Maturation of the delayed-type hypersensitivity response in SJL mice: absence of effector cell induction

Immunization of young adult SJL mice (6 weeks of age) with a wide variety of particulate and soluble antigens does not elicit a delayed-type hypersensitivity (DTH) response. Young adult SJL lack a DTM response through 8 weeks of age but attain the mature adult level of responsiveness at 10 weeks of age. Nylon wool-enriched TDTH effectors and an antigen-specific T cell clone both elicited DTH responses when transferred into 6-week-old SJL. Thus, the cascade of events at the local site appears to be functionally intact in 6-week-old SJL. However, T cells from immunized 6-week-old SJL fail to transfer DTH responsiveness to naive 6-week-old SJL recipients unless macrophages from 12-week-old SJL supplemented the immunization.
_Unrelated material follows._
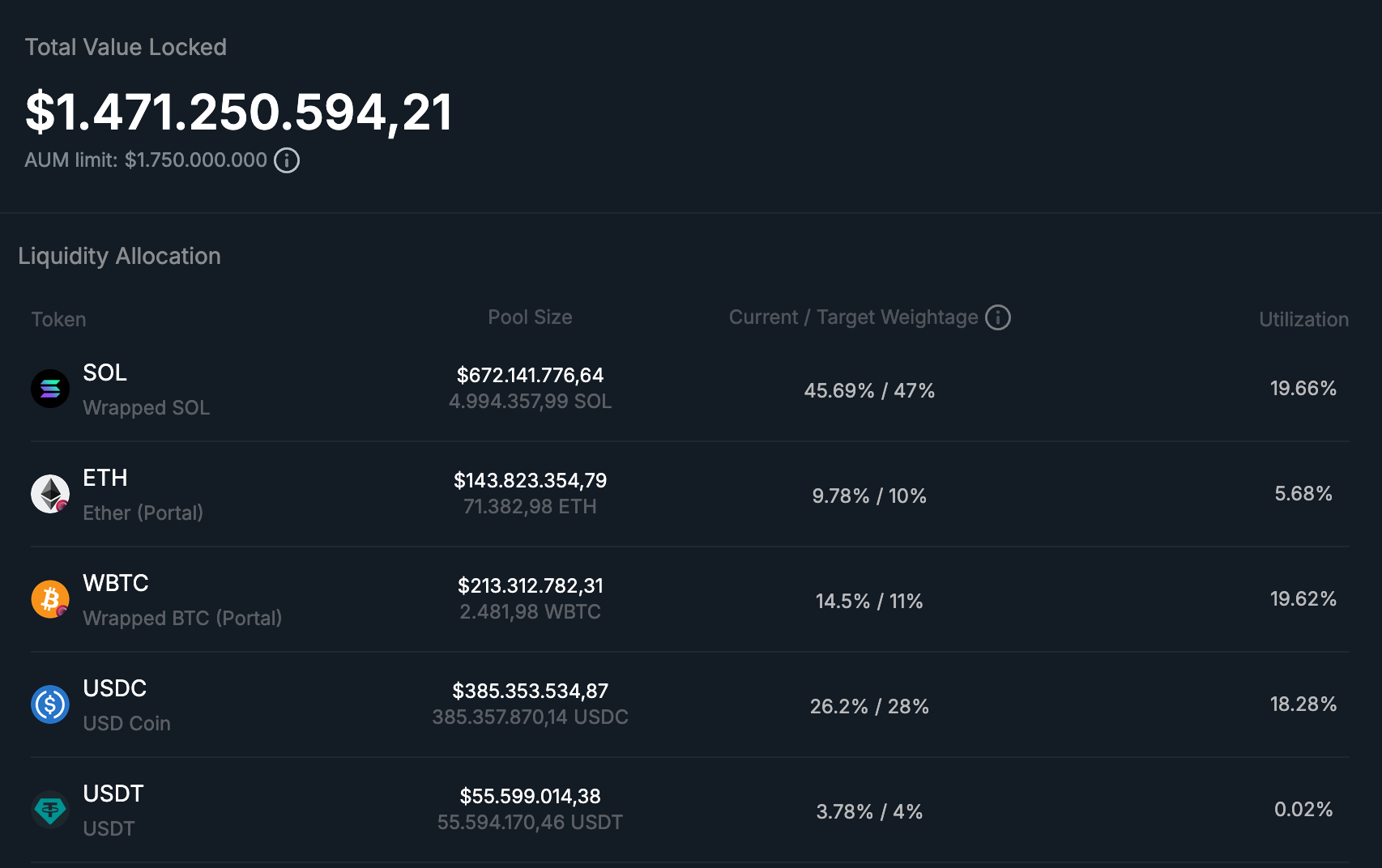JLP is down 24% from its highs earlier this year (while SOL is down 55%) which, depending on how you view it, either presents a potentially good opportunity to enter JLP at a discount or alternatively a potential end to JLPs previous impressive performance. One thing that's important to keep in mind if you're considering investing in JLP is that you are effectively taking a pretty bullish stance on SOL. For every $1 of JLP, you're effectively holding $0.45 of SOL:
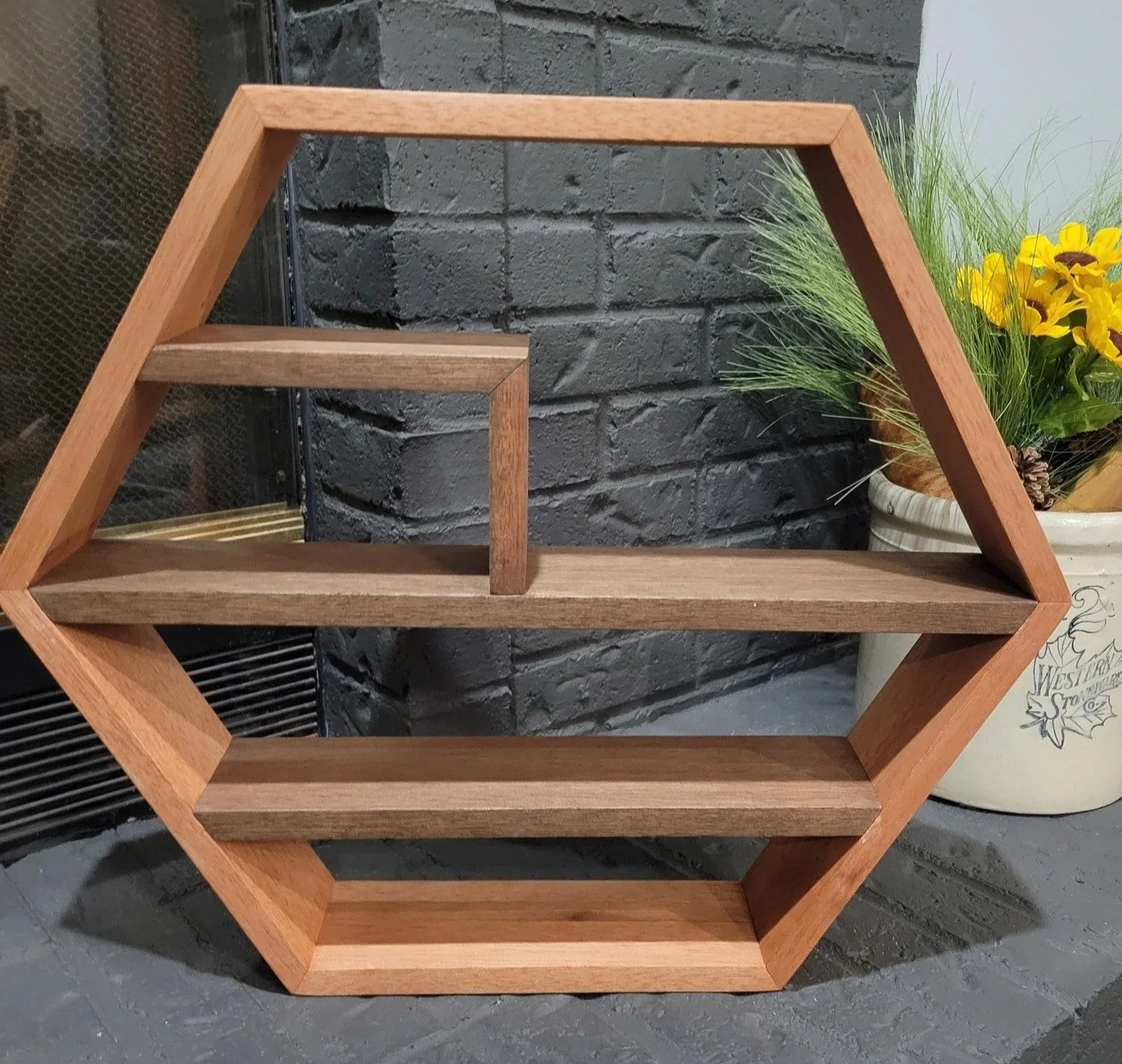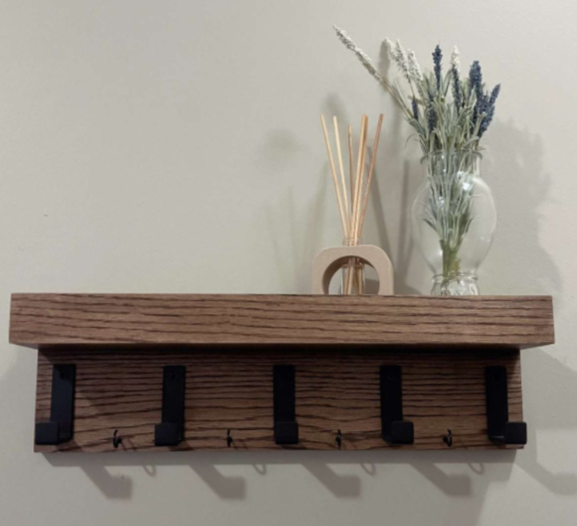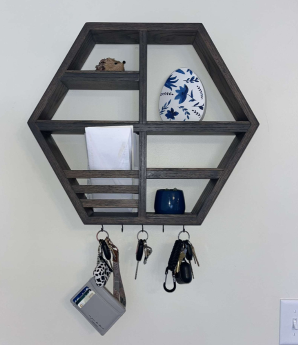 Shelves available in a variety of styles—octagon, flat, and versions with integrated coat hooks. Choose from multiple wood species and stain finishes to match your space. These are just a few of the custom pieces I’ve built.

Thus, the unresponsiveness of 6-week-old SJL appears to be due to a lack of induction of TDTH effectors. In addition, SJL mice immunized at 6 weeks of age and challenged with antigen at the DTH responsive age of 12 weeks did not mount a DTH response. Immunized 6-week-old SJL, supplemented with macrophages from 12-week-old SJL, and 12-week-old SJL did respond to a second antigenic challenge when held for an equivalent 6-week period. Thus, 6-week-old SJL fail to induce TDTH effectors and to generate memory TDTH cells. Finally, antigen-pulsed macrophages from 12-week-old SJL transferred DTH responsiveness into naive 6-week and 12-week-old SJL recipients, while antigen-pulsed cells from 6-week donors were unable to transfer DTH responsiveness. These data indicate that the maturational deficit in the DTH responsiveness of 6-week-old SJL resides in the inability of macrophages to induce TDTH effectors.